One requirement for the reduceByKey
function is that is must be associative. To build some intuition on how reduceByKey
works, let's first see how an associative associative function helps us in a parallel computation:

As we can see, we can break an original collection in pieces and by applying the associative function, we can accumulate a total. The sequential case is trivial, we are used to it: 1+2+3+4+5+6+7+8+9+10.
Associativity lets us use that same function in sequence and in parallel. reduceByKey
uses that property to compute a result out of an RDD, which is a distributed collection consisting of partitions.
Consider the following example:
// collection of the form ("key",1),("key,2),...,("key",20) split among 4 partitions
val rdd =sparkContext.parallelize(( (1 to 20).map(x=>("key",x))), 4)
rdd.reduceByKey(_ + _)
rdd.collect()
> Array[(String, Int)] = Array((key,210))

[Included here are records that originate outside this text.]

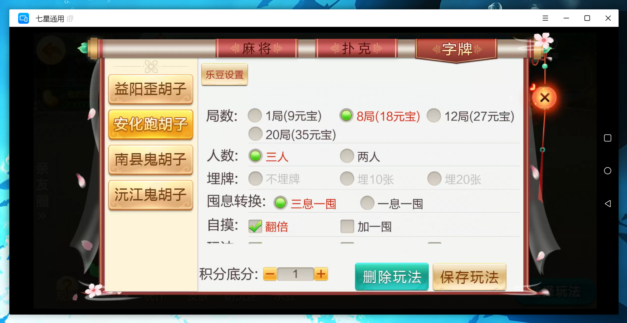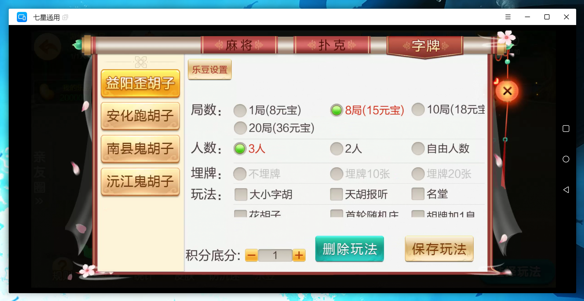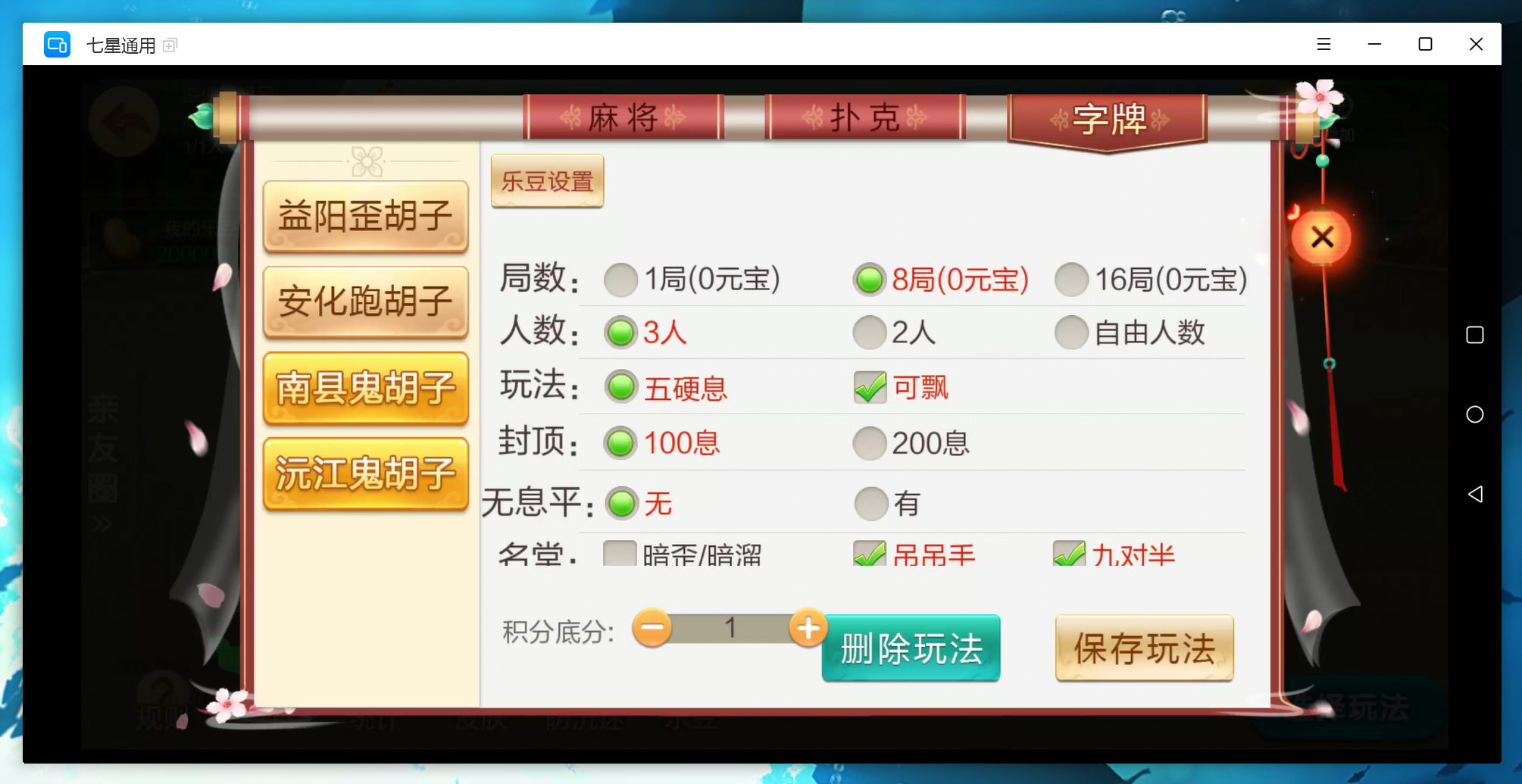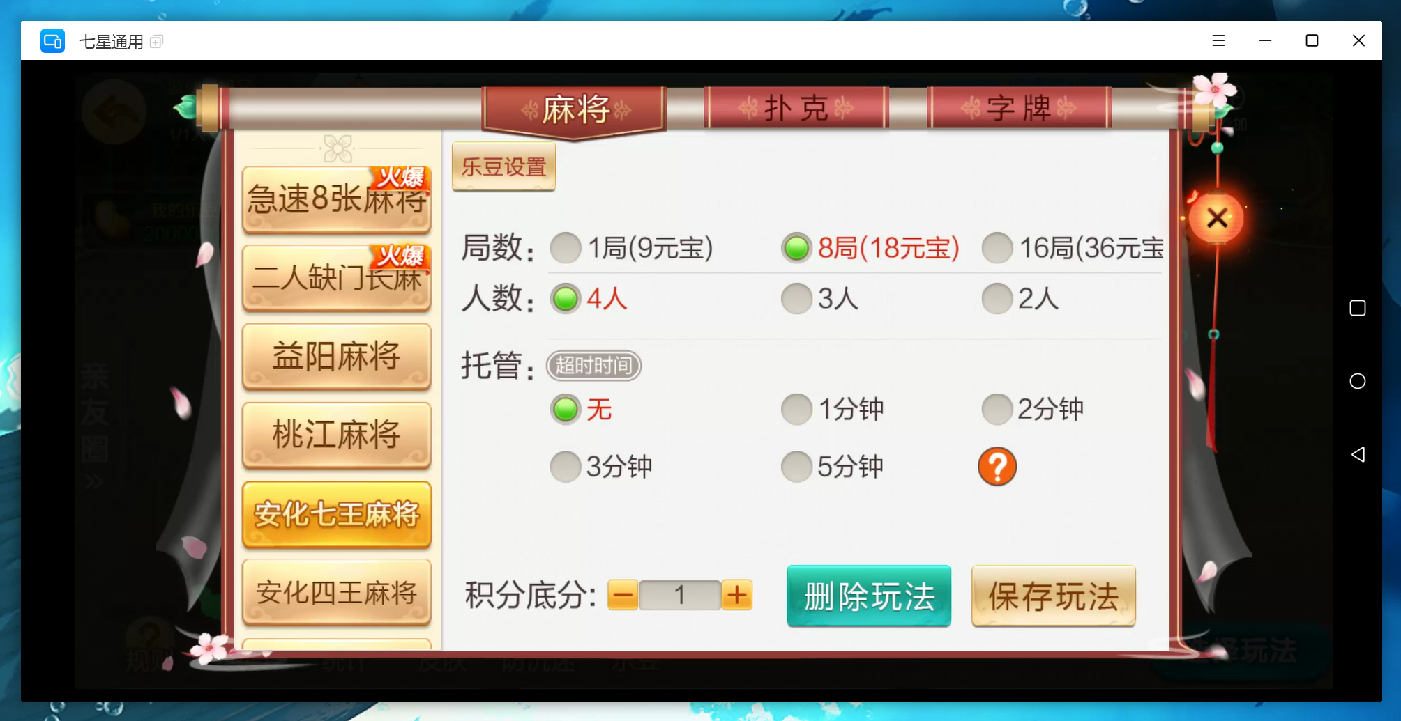 麻将:急速8张麻将,二人缺门长麻,益阳麻将,桃江麻将,安化四王麻将,安化七王麻将,红中麻将,沅江麻将,长沙麻将,转转麻将
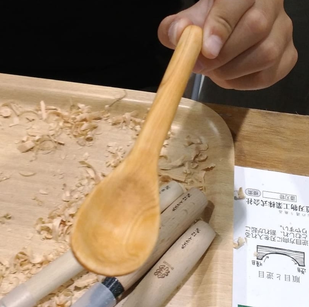 ヒノキ材をつかった木彫スプーンは今年も三木市在住の前田さんに講師を依頼しましたが各回ともに満席。親子でチャレンジする方も多いように思いました。
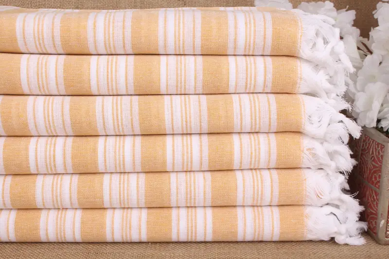 Bath Towel Mustard Cotton 40x71 Inches, Handcrafted Turkish Beach Towel
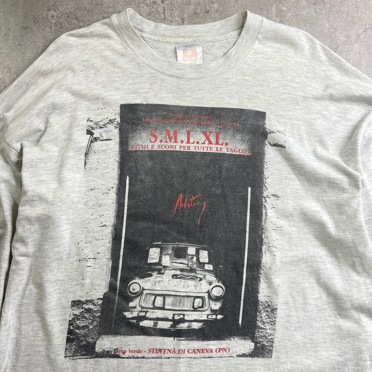 90年代 Achtung プリントロングTシャツ ロンT メンズ2XL 古着 90s ヴィンテージ VINTAGE ライトグレー 灰色 ビッグサイズ 大きいサイズ【ロングTシャツ】/グレー

In spark, data is distributed into partitions. For the next illustration, (4) partitions are to the left, enclosed in thin lines. First, we apply the function locally to each partition, sequentially in the partition, but we run all 4 partitions in parallel. Then, the result of each local computation are aggregated by applying the same function again and finally come to a result.

reduceByKey
is an specialization of aggregateByKey
aggregateByKey
takes 2 functions: one that is applied to each partition (sequentially) and one that is applied among the results of each partition (in parallel). reduceByKey
uses the same associative function on both cases: to do a sequential computing on each partition and then combine those results in a final result as we have illustrated here.